US sanctions NSO Group, others, for trafficking spyware and exploits

The US Department of Commerce this week announced it’s sanctioning four groups for their roles in spying on and otherwise maliciously targeting people like journalists and academics online. They include the controversial NSO Group and three other entities from Israel, Russia, and Singapore.

The Department of Commerce’s Bureau of Industry and Security (BIS) is updating its list of sanctioned entities with a document it plans to fully publish on Thursday, but is viewable in a PDF now. It claims all four groups are engaged in activities “contrary to the national security or foreign policy interests of the United States.”

Most famous of these is the Israeli NSO Group. The BIS document specifically points it out for developing spyware it then supplied to governments to target people such as journalists, academics, embassy workers, and activists. The document names fellow Israeli group Candiru alongside NSO in those charges.
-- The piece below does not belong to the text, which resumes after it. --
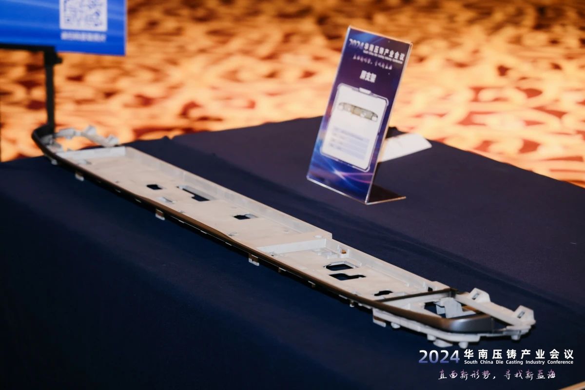 海天智勝金屬 鑄件展示 Casting Display 值得一提的是,某汽車的“電池車身一體化整體底盤壓鑄件”在大會上驚艷亮相,這也是該大型鋁合金壓鑄件首次在華南地區展出。此件乃迄今為止世界上尺寸最大、重量最重的鋁合金壓鑄件,在現場引起了參會嘉賓的極大興趣,引發了參會嘉賓的廣泛關注與熱議。現場一同展出的還有宜安科技多款鎂合金壓鑄件,包括:(汽車)顯示屏支架、電機殼體、扶手箱支架、電池托盤以及筆記本電腦殼體等。

Last year it was reported that NSO was making spyware to track the spread of the Coronavirus. In September of this year, however, Apple had to issue a security update for all its operating systems to patch an exploit NSO’s software had been using since February to spy on people. NSO’s “Pegasus” spyware, a “zero-click exploit,” could penetrate an Apple device by simply sending a text without the device’s user doing anything. It could access things on an iPhone like the camera, microphone, or device settings.

The BIS document also names Russian group Positive Technologies and Singaporean group Computer Security Initiative Consultancy PTE. LTD., as entities that traffic cyber exploits. In 2017, Positive Technologies identified a massive security hole that affected Intel CPUs. The US Treasury Department previously sanctioned Positive Technologies for allegedly helping Russian intelligence services conduct cyber attacks against the US.

This mean exports or in-country transfers of items related to these entities will require a license from the End-User Review Committee. Those licenses for sanctioned entities will fall under a “presumption of denial,” so they’ll automatically be denied except for in special circumstances.

The US Department of Commerce recently banned sales of hacking software to the governments of “countries of concern.”